No matter how competitive or tumultuous your niche, it’s never fun when a business calls it quits and closes down. It can cause you to think long and hard about your own business and practices, and help you to make some difficult decisions, whether it’s closing non-profitable stores, discontinuing some products and services, or laying off staff to reduce overheads.
Of course, there are a wide number of reasons why a business may not survive, whether it’s competition, cash flow or rising costs, and it’s also important to remember 90% of start-up businesses fail. With that in mind, it’s important that you see the closure of a competitor as an opportunity for your business to grow and thrive in the market. Here’s how…
Acquire their domain name
One of the best ways to capitalise on the closure of a business is to acquire their domain name. It may be that their domain name is up for renewal and you can register it right away, or you could reach out to the business owner directly and ask if they’ll sell the domain name to you. There are a few reasons why you’d want to get your hands on a competitor’s domain:
- To direct customers to your website using 301 redirects
- To redirect backlinks and “link juice” to your website
- To take advantage of their content marketing efforts (for example, you could buy the domain name and the content, and move the content to your blog, instead)
- To use the domain name as a blog network and use the domain’s authority and backlinks to link back to your own website (i.e. a florist could become a flower blog)
- To inform users of their closure and position your brand as an alternative
If you do get your hands on a competitors’ domain, try not to confuse clients and visitors – let them know that you took over their domain name and that they’re no longer trading.
Do this by creating a landing page to explain the closure of the business, or set up 301 redirects from the domain name so that when visitors click through, they’ll go to yours instead.
Buy their phone number
If your competitor had a bricks and mortar store, then their phone number could become a valuable asset that you can use to your advantage. Depending on how much time and effort your competitor put into their marketing (for example, they could have had a regular advert in the local newspaper or appeared in directories or business forums) you could expect to receive phone calls from potential leads on a regular basis. Paying for this could make sense.
From there, you could set up call forward to a special line so that callers are made aware of the closure of your competitor, and then directed to your sales team.
Of course, this could be an expensive investment, especially if your competitor asks for big money for the phone line, so make sure you weigh up the opportunity costs before you splash the cash.
Reach out to bloggers for backlinks
When a business closes, all of their backlinks will be pointing to a website that’s out of date or offline. Adopt the broken link building technique, where you reach out to bloggers who have linked to your competitor and recommend an alternative link (to your website).

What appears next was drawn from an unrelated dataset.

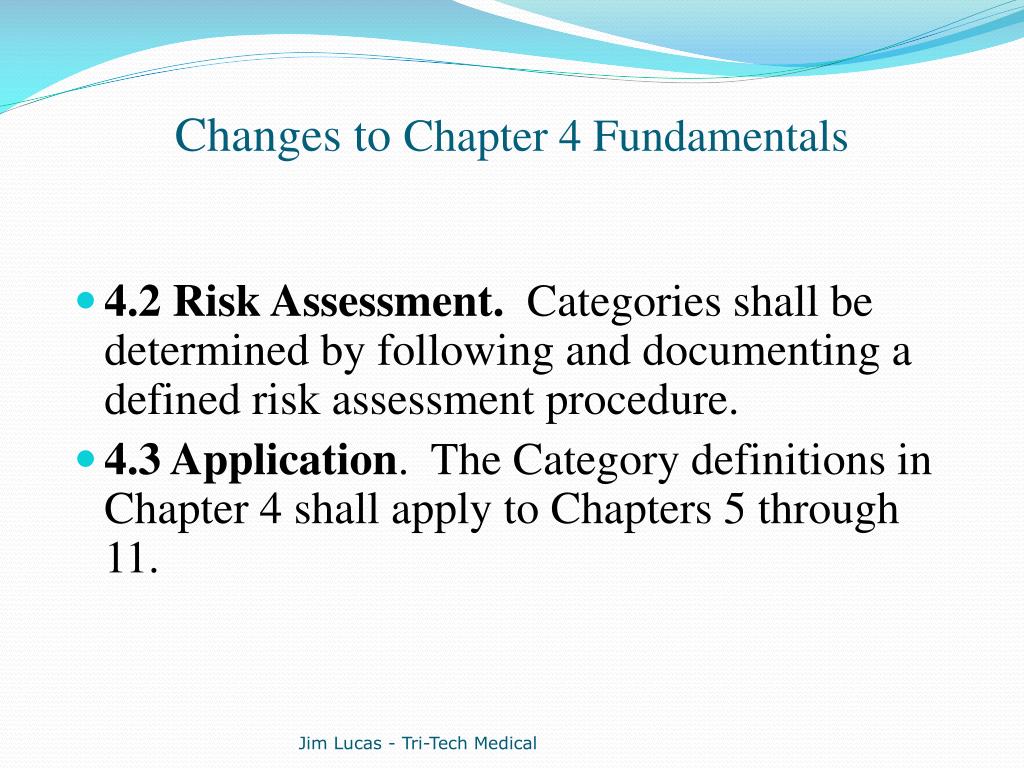 Changes to Chapter 4 Fundamentals • 4.2 Risk Assessment. Categories shall be determined by following and documenting a defined risk assessment procedure. • 4.3 Application. The Category definitions in Chapter 4 shall apply to Chapters 5 through 11. Jim Lucas - Tri-Tech Medical

This should be an easy way to quickly build links to your website and increase domain authority, thus increasing your website’s rank on search engines for competitive terms in your niche.
You could go one step further and buy the domain name and content from your competitor, as we have mentioned above. From there, you’ll have access to all of their blog posts and you’ll also be able to set up 301 redirects from their backlinks, which will pass link juice to your website without you having to reach out to bloggers to individually change links.
Start a pay-per-click campaign
Pay-per-click advertising is one of the most effective forms of marketing and could prove useful when it comes to news of closures and administration. Target their customers and stakeholders by launching Google AdWords and Facebook Ads campaigns to launch alongside the announcement of their closure, and follow it up for the months that follow.
On Facebook, you can segment and target audiences that “like” your competitor’s Facebook page, while on Google, you’ll appear on searches of your competitor when you use their name as a keyword. This can prove a cost-effective way to generate leads and capitalise on the closure of your competitor’s business.
Say farewell – and be a human about it
The closure of a competitor could be good news for your business, but it’s still sad to see a someone fall. As well as the competitive marketing tactics we’ve mentioned above, you should consider writing a blog post and updating your social media with a condolence-style message that bids farewell to your competitor before they close their doors.
You don’t need to be commercial here – this is not a time to say “X is closing, so come to us instead”.
The closure of any business can lead to heightened emotions, especially for the founders, employees, stakeholders and customers, so you should tread carefully.
Write a sincere blog post or social media update, where you acknowledge their closure. If you were a fan of the business, say that you admired their work and that they inspired you.
Not only will this put you in the good books of all involved parties (which could lead to new customers, new employees or new investors), but it will show that you have a vested interest in your niche, not just your own business.
Capitalising on the downfall of a competitor can be lucrative, but you should make sure that your marketing efforts are sensitive. Never celebrate the end of a business, and always remain respectful – after all, you want to protect the integrity of your business.